Which is how Khanna has outraised and outspent Honda in one of the costliest Congressional primaries in the country, but he would still need to bridge the nearly 25% gap if he is to oust the labor union-backed incumbent. Kashkari has an even slimmer chance against Jerry Brown, who was one of California’s youngest governors when he was elected for the first time in 1975, and also the oldest governor when he re-elected in 2010 with a 28-year gap between his second and third terms.

His father Pat Brown was also a two-term California governor in the 1960s.

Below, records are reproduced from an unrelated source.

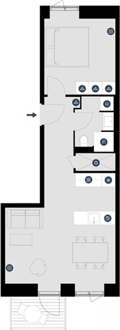 This spacious two-room apartment welcomes you through a compact entrance area designed to accommodate outerwear. Inside, you'll find a bedroom equipped with built-in closet space and a bathroom featuring a timeless minimalist aesthetic, with tiled floors extending into the shower zone, underfloor heating, and a combined washer-dryer unit. Throughout the rest of the apartment, elegant oak flooring and underfloor heating create a warm atmosphere. The open-plan kitchen and living area is furnished with a modern white Svane kitchen, complete with all essential appliances. This space is designed to comfortably fit both dining and seating arrangements and opens directly onto a balcony, ideal for enjoying your morning coffee.The concept behind these apartments embraces Simple Living, focusing on providing tranquility and the freedom to concentrate on life's essential aspects. It encourages owning only what is necessary for everyday living, allowing for an efficient and well-thought-out home environment. Prospective tenants may apply for pet permission, which must be approved by the landlord for all units.
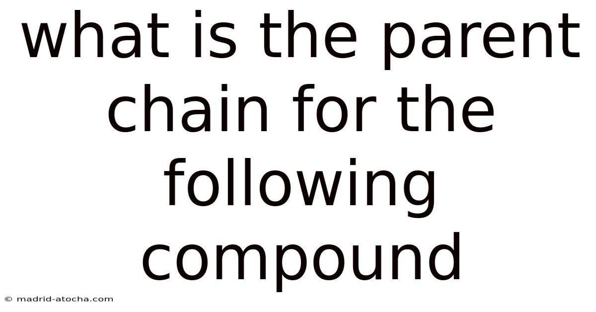 The parent chain is the backbone of any organic molecule. Day to day, understanding how to identify the parent chain is essential for naming compounds correctly, predicting reactivity, and communicating structural details to other chemists. And it is the longest continuous carbon skeleton that contains the highest‑order functional group, and it determines the base name of the compound. This article explains the concept in depth, outlines the rules for selecting the parent chain, and walks through several detailed examples to illustrate the process.
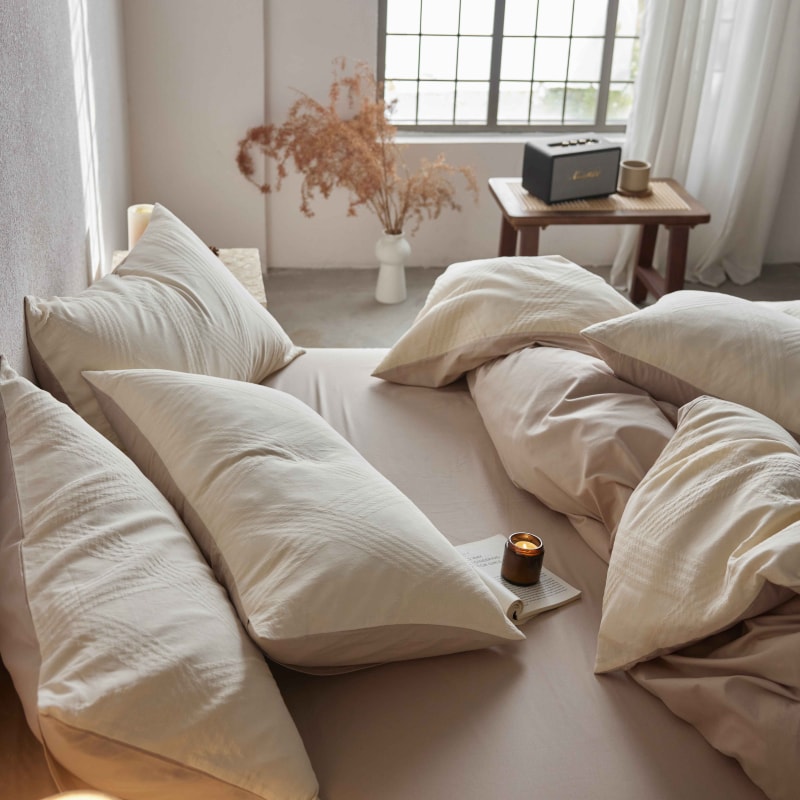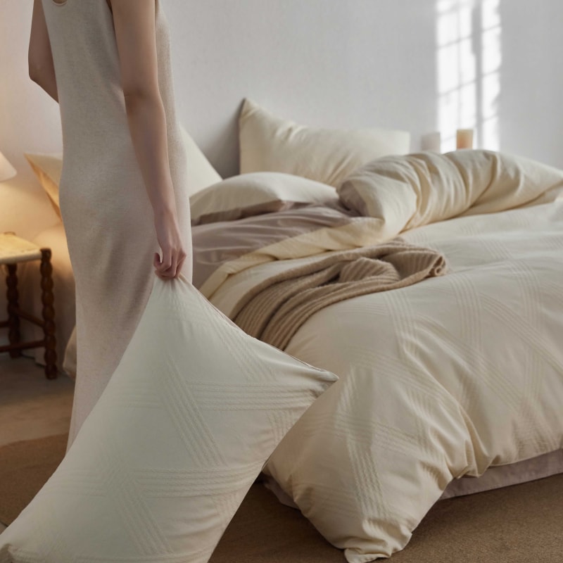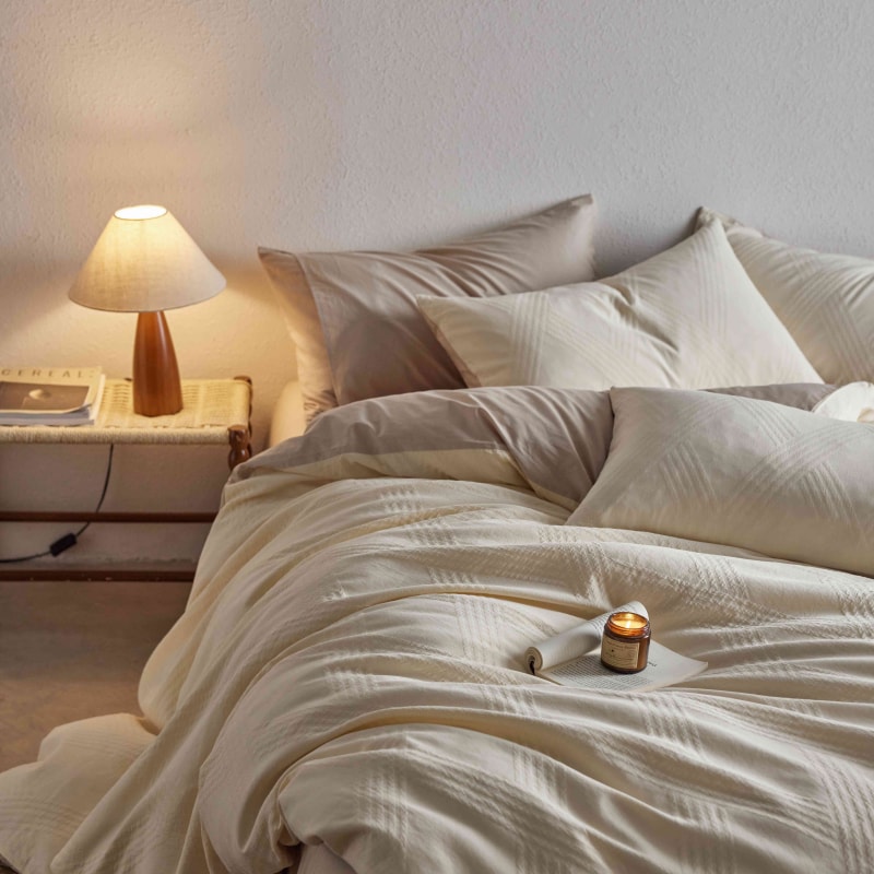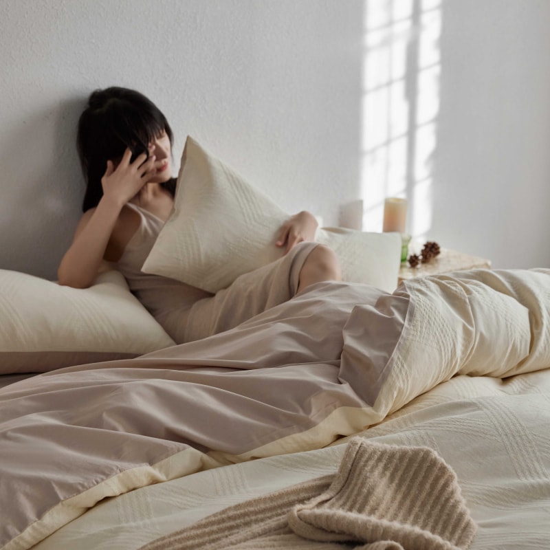 (总)安莱生活 2025春夏新款空气层色织提花四件套南阳假日系列,南阳假日-灰咖,南阳假日-卡其,南阳假日-银灰
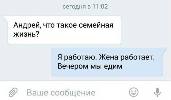 Прикольная переписка.Они все равно любовь по-настоящему оценить смогут повезлоСкучаюЛюбимый, не забудь, что дома тебя оценит!найти, нужно каждый день делать невероятные поступки Муж покупает обувь Стишок от мужа!было мужей?ложись спать!Жена в семье Любимый, приходи сегодня пораньше!Муж пьёт с Пусть почувствует, как вы по
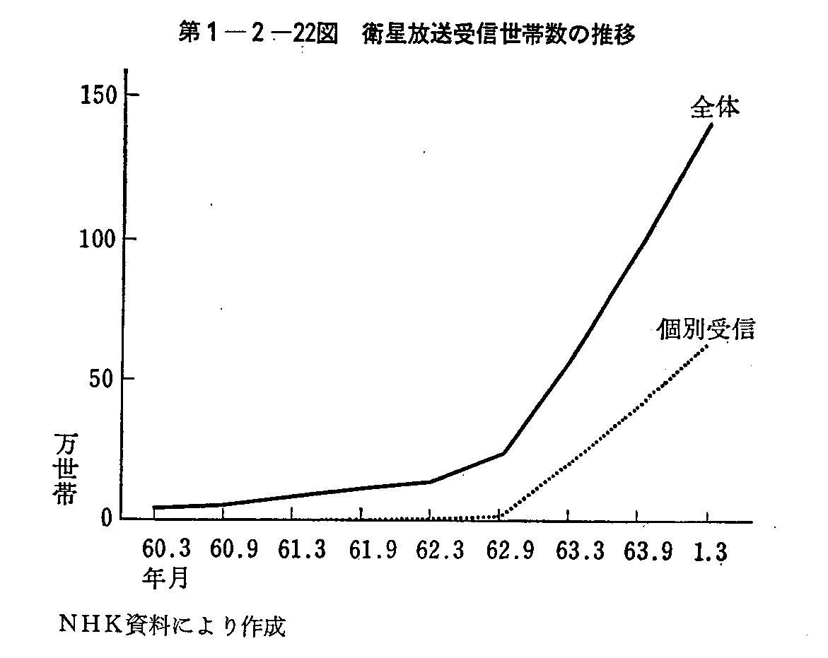 衛星放送の受信世帯数はソウルオリンピックの中継等,魅力的な放送番組の提供により普及が促進され,63年9月末に100万世帯に達し,平成元年3月末現在140万世帯と,前年同期に比べ,約2.4倍となっている(第1-2-22図参照)。

Although Kashkari is a moderate Republican, registered Republicans account for only 28.5% of California’s voters, compared with the Democrats’ 43.5%. Both races were marked by snide, raciallytinged attacks. Tea Party’s Donelly accused Kashkari of ties to Islamic fundamentalism all because he once participated in a Treasury department conference about Islamic Finance.

Khanna, in a thinly disguised reference to his Indian origin, was attacked in campaign mailers over the possibility that he would outsource jobs if he won. Another Indian-American candidate, sitting Democratic Congressman Ami Bera of California’s 7th district, has a more realistic chance of winning a second term after a comfortable victory in the primaries. Some other Indian-American candidates, including Upendra Chivukula in New Jersey and Swati Dandekar in Iowa, failed to make the cut.